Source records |
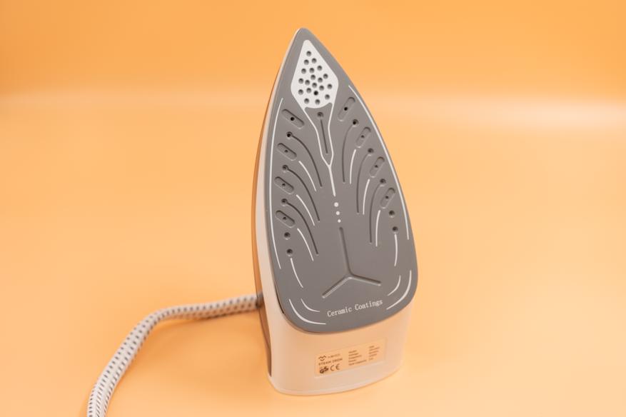 Подошва утюжка MIKO IS85 выполнена с керамическим покрытием, способствующим плавному скольжению по различным тканям и минимизирующим риск их повреждения. Материал подошвы обладает повышенной стойкостью к царапинам и не требует сложного ухода (достаточно влажной ткани), однако уязвим при механических ударах. Паровыводящие отверстия размещены в удлиненной носовой части (оптимизированной для труднодоступных мест) и по периферии подошвы.
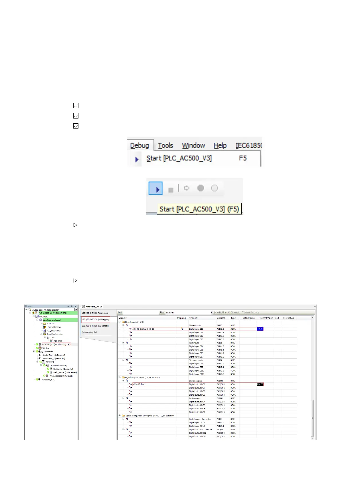 Select menu “Debug è Start [PLC_AC500_V3]”.
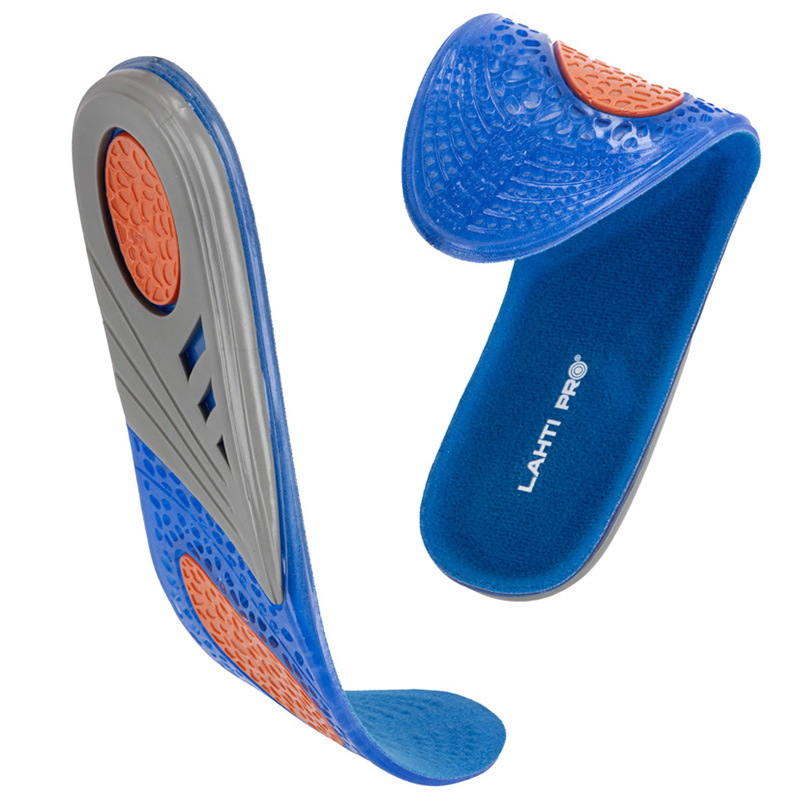 • Fabricat din gel cu densitate variabilă, care absoarbe presiunea în diverse zone a tălpii. Designul branțurilor reduce oboseala picioarelor și mărește confortul în timpul mersului. Datorită unor perforații și a unui strat de material special, asigură circulația aerului în interiorul încălțămintei. Designul branțurilor reduce oboseala și crește confortul în timpul mersului pe jos. Partea superioară este confecționată din mesh 3D elastic ce oferă confort și aerisire sporită. Mărime ajustabilă. Perfect pentru persoanele care duc un stil de viață activ sau lucrează în picioare.
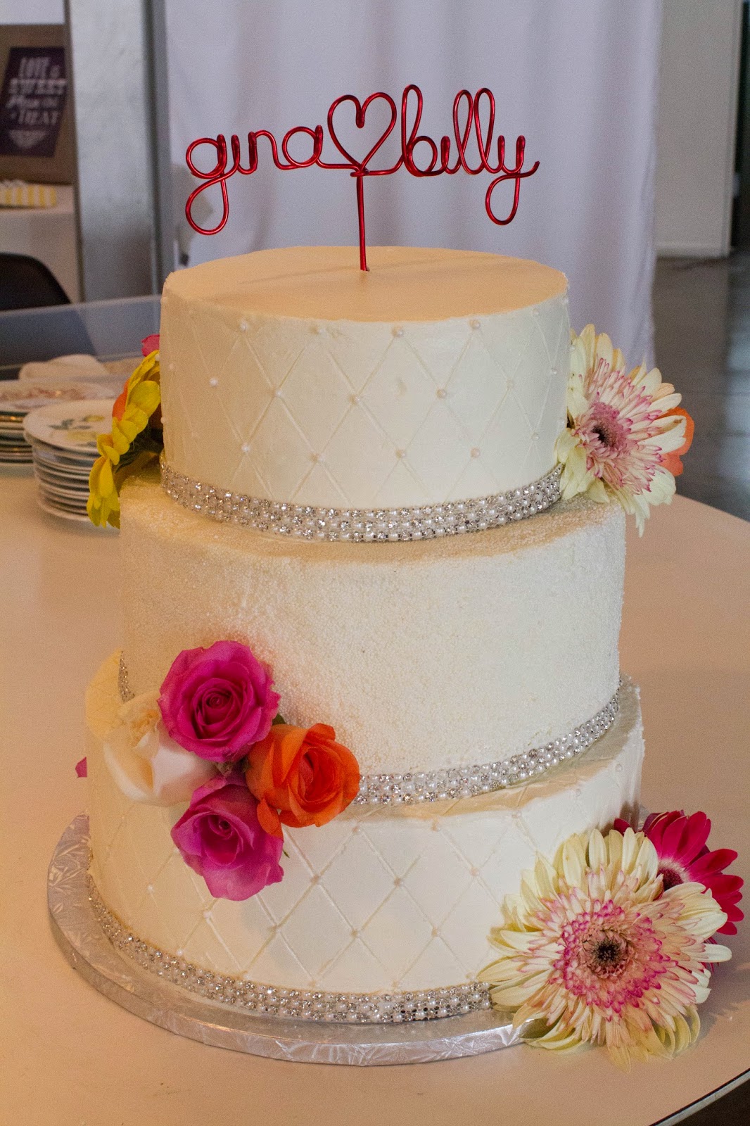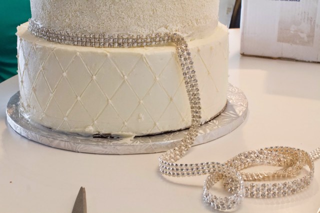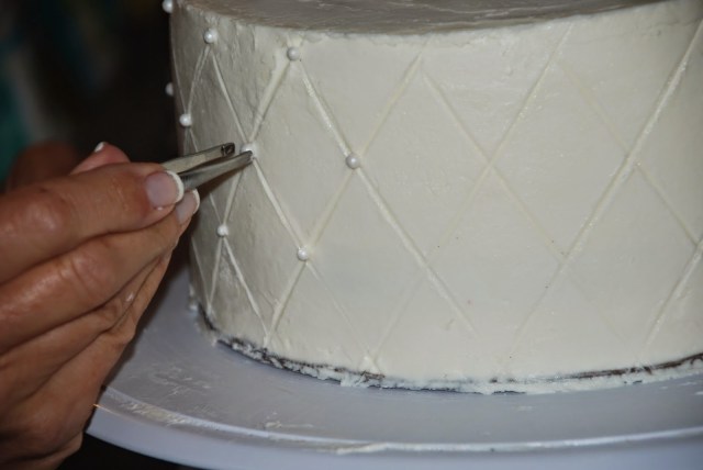 Oops. Skipped a few steps. I smoothed out the frosting and pressed the diamond pattern into the cake using an impression mat and defined the lines better with a nice, big knife. Then, using tweezers, I added sugar pearl at each intersection to give the cake that beautiful quilted effect.
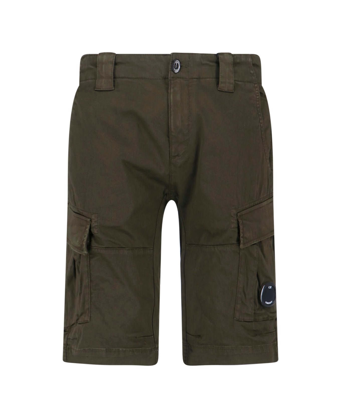C. P. Company "lens" cargo shorts in green stretch cotton with mid waist, button and zip closure, belt loops, two side slanted pockets, two side cargo pockets, "lens" detail, straight leg.
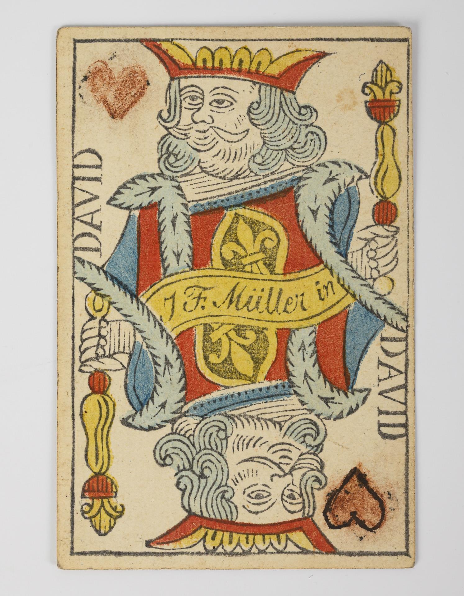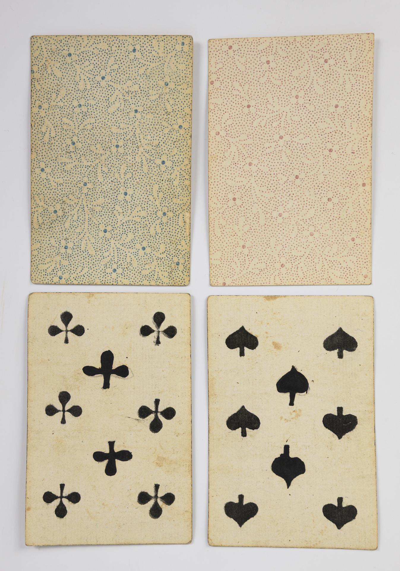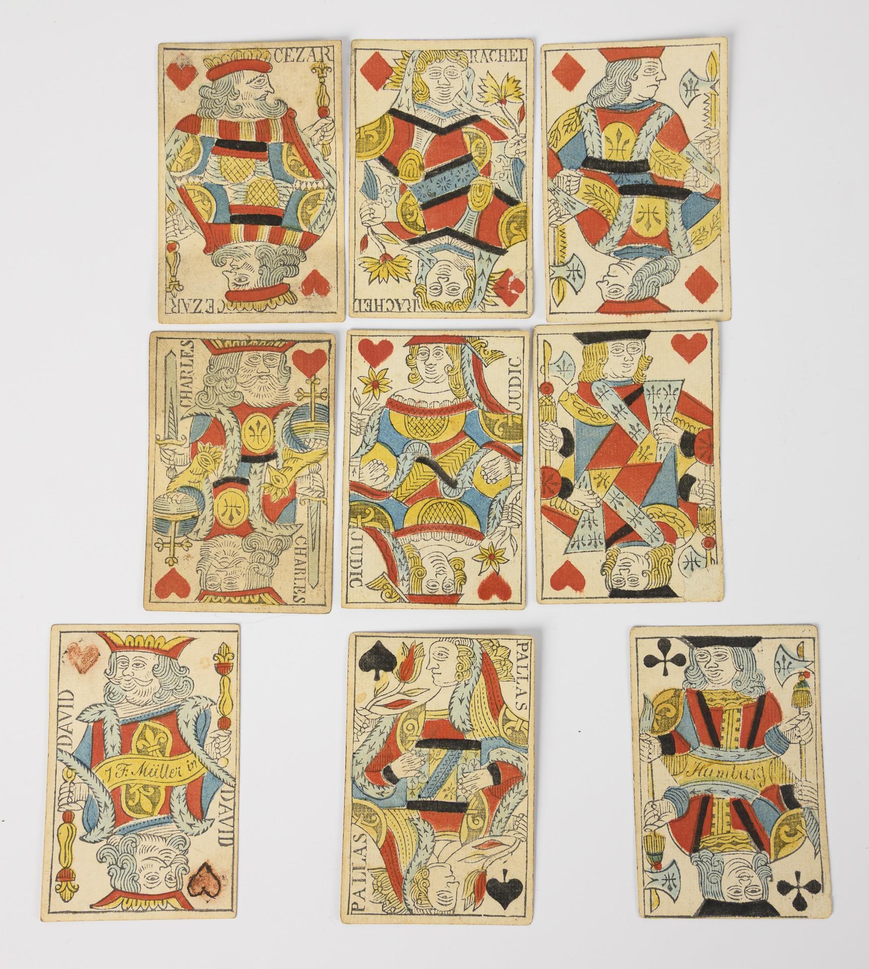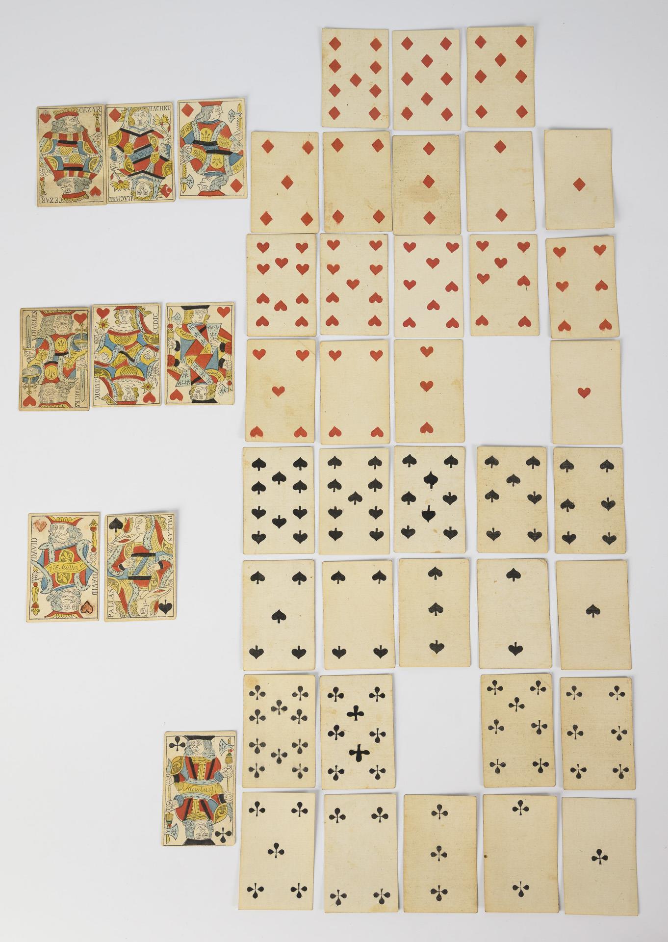 44 von 52 Karten (davon 9 Bildkarten) vorhanden. Hersteller: J. F. Müller (Hamburg, signiert), um 1820. Karten mit Gebrauchsspuren; eine Karte mit Nachzeichnung der Farbe, leichte Flecke, eine Karte mit Randbeschädigung.

Work to be completed | Beginning with the line where "Oops. Skipped a" appears, transcribe the records above word for word through their last line, and include no pictures.

Solution to the exercise |
 Oops. Skipped a few steps. I smoothed out the frosting and pressed the diamond pattern into the cake using an impression mat and defined the lines better with a nice, big knife. Then, using tweezers, I added sugar pearl at each intersection to give the cake that beautiful quilted effect.
C. P. Company "lens" cargo shorts in green stretch cotton with mid waist, button and zip closure, belt loops, two side slanted pockets, two side cargo pockets, "lens" detail, straight leg.
 44 von 52 Karten (davon 9 Bildkarten) vorhanden. Hersteller: J. F. Müller (Hamburg, signiert), um 1820. Karten mit Gebrauchsspuren; eine Karte mit Nachzeichnung der Farbe, leichte Flecke, eine Karte mit Randbeschädigung.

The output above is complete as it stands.